Spin-torque effects in thermally assisted magnetization reversal: Method of statistical moments

Abstract

Thermal fluctuations of nanomagnets driven by spin-polarized currents are treated via the Landau-Lifshitz-Gilbert equation generalized to include both the random thermal noise field and the Slonczewski spin-transfer torque term. By averaging this stochastic (Langevin) equation over its realizations, the explicit infinite hierarchy of differential-recurrence relations for statistical moments (averaged spherical harmonics) is derived for arbitrary demagnetizing factors and magnetocrystalline anisotropy for the generic nanopillar model of a spin-torque device comprising two ferromagnetic strata representing the free and fixed layers and a nonmagnetic conducting spacer all sandwiched between two ohmic contacts.
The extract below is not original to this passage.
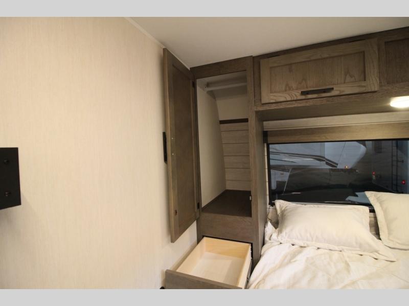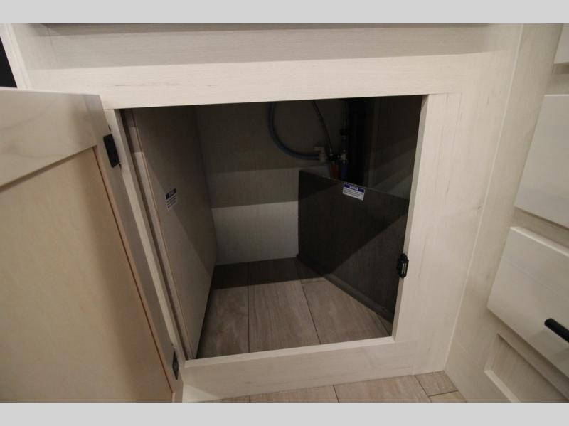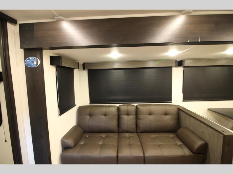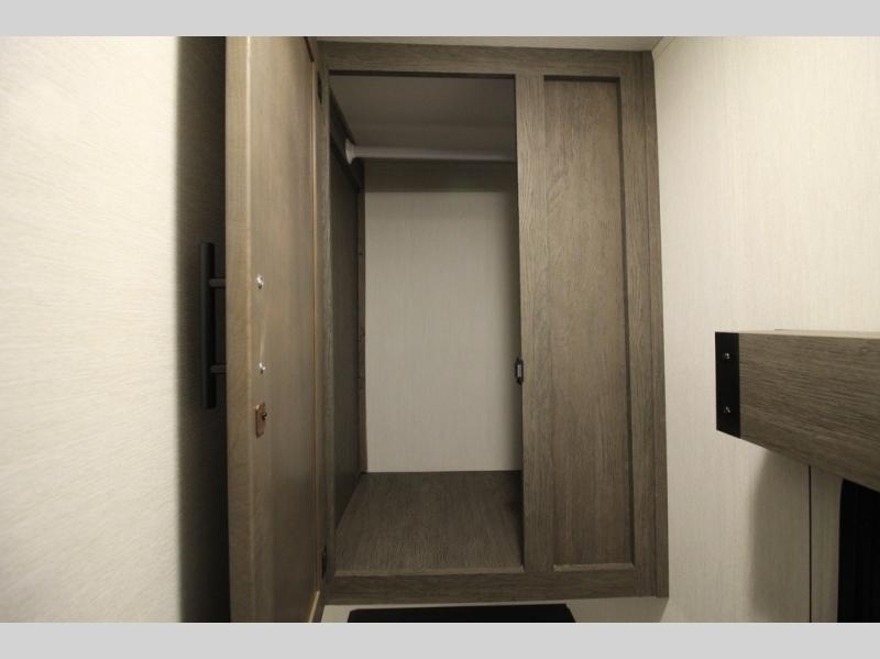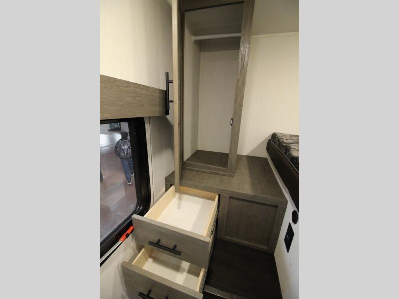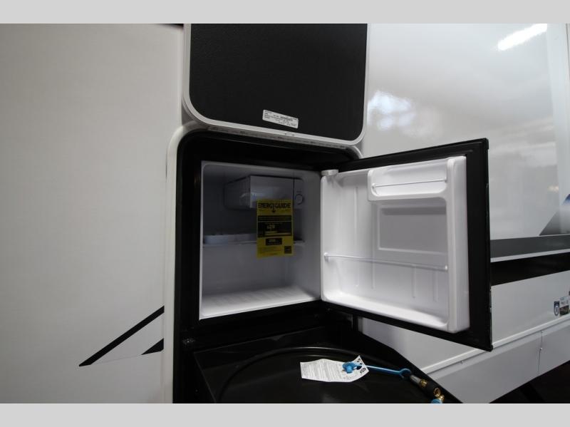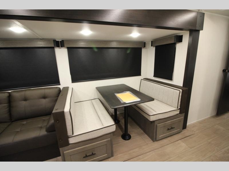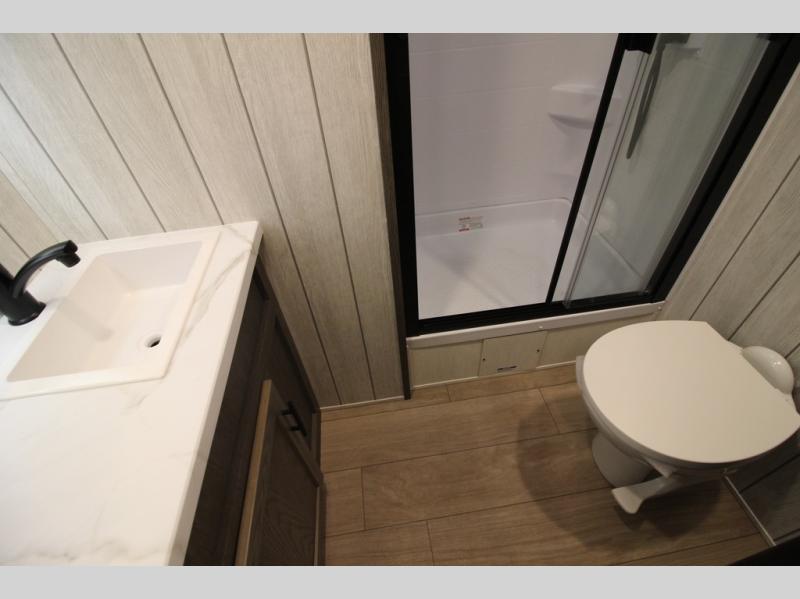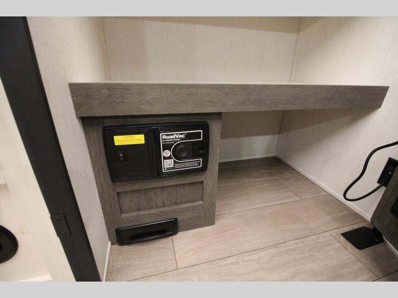 Starting at the front, this travel trailer welcomes you with a spacious main bedroom featuring a 60" x 80" queen bed for a restful night’s sleep, along with a nightstand and wardrobe on each side, plus an additional wardrobe and overhead cabinets for ample storage. Moving down the hall, you’ll find the full bathroom equipped with a shower, porcelain stool toilet, and a sink with generous counter space to help you get ready for the day. At the center of the trailer, the kitchen and living area open up with a large slide-out containing the jackknife sofa and dinette, creating an inviting space to relax. Across, the fully equipped kitchen offers a 10-cu. ft. refrigerator, farmhouse-style sink, and a three-burner stove with microwave, everything you need to prepare your favorite meals. Beside the kitchen, the entertainment center with fireplace adds warmth and ambiance, and conceals a hidden pantry for all your dry goods. At the rear, the split 38" x 72" bunks provide exceptional privacy and comfort: the lower bunk features its own wardrobe, nightstand, and sliding door, while the upper bunk includes its own wardrobe, steps, and sliding door, making this a cozy retreat for everyone.

The influence of thermal fluctuations and spin-transfer torques on relevant switching characteristics, such as the stationary magnetization, the magnetization reversal time, etc., is calculated by solving the hierarchy for wide ranges of temperature, damping, external magnetic field, and spin-polarized current indicating new spin-torque effects in the thermally assisted magnetization reversal comprising several orders of magnitude. In particular, a pronounced dependence of the switching characteristics on the directions of the external magnetic field and the spin polarization exists.